Leis e dogmas que obstam a felicidade do homem devem ser quebrados. As primeiras pelo exercício legal da capacidade de legislar e os segundos pelo hábito do livre pensar, os quais devem ser defendidos e estimulados pela Maçonaria. É obvio que aquele que primeiro o fizer pagará pela ousadia de ser o precursor, como aconteceu ao próprio Jesus. Mas a um espírito esclarecido, que se espera seja o do verdadeiro Maçom, essas mudanças não devem causar escândalo e precisam ser “julgadas” na devida forma.

Sobretudo, não pode um Mestre Preboste e Juiz esquecer que a Maçonaria é uma congregação de homens de espírito livres, e que, portanto, o primeiro dos seus compromissos é com a liberdade de consciência.

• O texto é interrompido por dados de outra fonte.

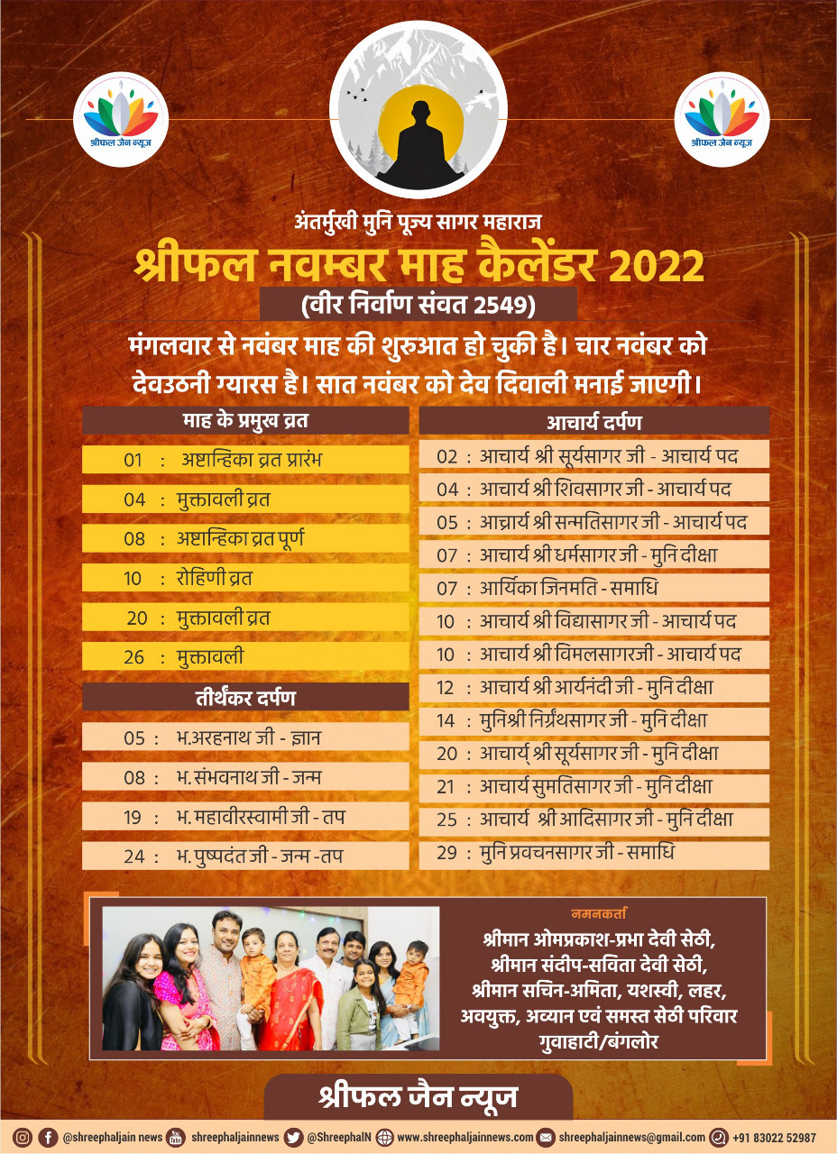 श्रीफल नवंबर माह कैलेंडर 2022

A ritualística do grau sete

O grau sete não se fundamenta em nenhuma lenda ou alegoria. Todavia, as sete “viagens” que o iniciando faz, demonstram que esse grau complementa a primeira etapa de uma jornada que começou quando o Maçom foi iniciado. Na primeira ele recorda os símbolos, os passos e toda a filosofia contida no grau do Aprendiz; na segunda todos os ensinamentos do Companheiro; na terceira resumirá o simbolismo do grau de Mestre.

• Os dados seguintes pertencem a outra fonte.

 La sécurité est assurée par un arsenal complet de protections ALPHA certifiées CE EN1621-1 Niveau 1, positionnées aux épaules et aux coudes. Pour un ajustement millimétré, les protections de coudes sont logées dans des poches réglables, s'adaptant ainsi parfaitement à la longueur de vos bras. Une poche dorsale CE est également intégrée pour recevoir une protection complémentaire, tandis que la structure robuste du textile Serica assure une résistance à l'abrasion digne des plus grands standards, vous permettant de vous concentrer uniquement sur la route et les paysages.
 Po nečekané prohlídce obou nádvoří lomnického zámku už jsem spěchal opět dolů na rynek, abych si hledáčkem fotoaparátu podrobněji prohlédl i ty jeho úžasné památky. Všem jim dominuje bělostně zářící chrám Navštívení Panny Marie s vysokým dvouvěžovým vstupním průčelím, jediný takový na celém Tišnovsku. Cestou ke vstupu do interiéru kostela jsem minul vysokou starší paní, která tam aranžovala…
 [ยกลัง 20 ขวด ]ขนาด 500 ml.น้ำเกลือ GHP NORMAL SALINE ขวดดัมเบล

Na quarta viagem será lembrado ao iniciado que ele entrou num novo ciclo de ensinamentos, ocasião em que lhe serão encarecidas a necessidade de aprender a ser discreto, tolerante, fiel e arguto nas suas interpretações e julgamentos, atributos esses imprescindíveis a um Preboste ou Juiz [3].

Na sexta viagem o iniciando relembrará os juramentos feitos, de fidelidade, zelo e lealdade, que estabelece a justa medida entre o direito e o dever. Na sétima viagem ser-lhe-ão transmitidos os conhecimentos do grau, que consiste no instrumental moral necessário para que ele, como Preboste e Juiz, saiba administrar a aplicação da verdadeira Justiça.


João Anatalino Rodrigues – Do livro ‘Conhecendo a Arte Real’- Ed. Madras, 2006


NOTAS

[1] Conforme o ritual, págs.. 23 e ss.

[2] ‘Landmark’, literalmente, significa marca na terra, ou marcos de fronteira. Representavam, na cultura feudal, as marcas de fronteiras postas pelos senhores feudais para demarcar os seus domínios. A ultrapassagem de tais marcos resultavam sempre em guerras, razão pelas quais se acabou tornando sinónimo de fronteira irremovível, marca que não deve ser mudada, e em legislação equivale à chamada “cláusula pétrea”, postulado político ou filosófico sobre o qual repousa a legislação constitucional de um país.

[3] O preboste, nas antigas sociedades, era o preposto do soberano, aquele que o representava no poder judiciário. Designava também o antigo magistrado na justiça militar, e é aplicado também a vários tipos de funcionários reais, cuja função era presidir aos julgamentos.